Data Collaborative Taps Predictive Analytics to Coordinate Care
For example, hospitals are now penalized for certain "preventable" readmissions—yet the collaborative seeks to prevent "all-cause" readmissions, anticipating that hospitals and health systems will have to transform even further the way they provide clinical care.
Often, patients are readmitted because they've failed to follow their drug regimens post discharge, or because they don't have the support to take care of themselves after they are discharged. This is a huge source of waste in healthcare because of lack of capability.
For example, the 30-day readmission rate for Medicare beneficiaries is around 20%, which equates to about 2 million people a year. Those dollars quickly add up.

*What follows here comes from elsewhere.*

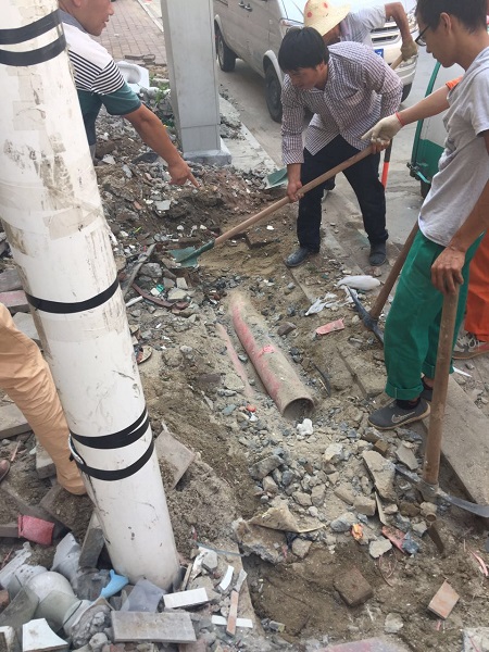 2017年7月15日上午8點39分,曠遠能源管網(wǎng)部巡線員謝海陽在對華林工業(yè)園區(qū)支四路巡線過程中,發(fā)現(xiàn)空氣中彌漫著一股臭味,多年從業(yè)經(jīng)驗使他立刻引起警覺,通過手持式可燃氣體檢漏儀確定了該區(qū)段存在燃氣泄漏。他立即對現(xiàn)場進行警戒,并及時上報管網(wǎng)部經(jīng)理林元琦。林元琦考慮事故隱患重大,影響范圍廣,立即上報公司領導并啟動應急預案。曠遠能源客服部、調(diào)度監(jiān)控中心、工程管理中心、宏盛市政工程有限公司等多方迅速聯(lián)動。管網(wǎng)部經(jīng)理林元琦第一時間組織力量趕赴現(xiàn)場處理,他憑借多年的管網(wǎng)應急處理經(jīng)驗,迅速鎖定漏氣區(qū)段,通過取點檢測分析,準確地找出了管線漏點。頂著烈日冒著酷暑,為了及時恢復供氣,曠遠能源管網(wǎng)部和宏盛市政的應急搶修人員爭分奪秒進行搶修。當天下午17點18分,更換管段焊接完畢;17點58分,冷卻側漏后恢復供氣。

The collaborative aims to change that by being able first to predict based on a variety of disparate sources of data, who is likely to be readmitted, so that hospital can address issues that may cause a readmission proactively.
The DAC pharmacy compliance model is designed to remind patients and their caregivers about the importance of follow-up medications. Analytics in the module will work to notify providers within 24 hours who has not filled their prescriptions, for example, and immediately intervene.
With its readmissions module, the DAC model will analyze both EMR and administrative data to identify patients who are most likely to be readmitted before they are discharged, and will identify potential risk factors for particular patients, tying patients to evidence-based checklists based on their condition.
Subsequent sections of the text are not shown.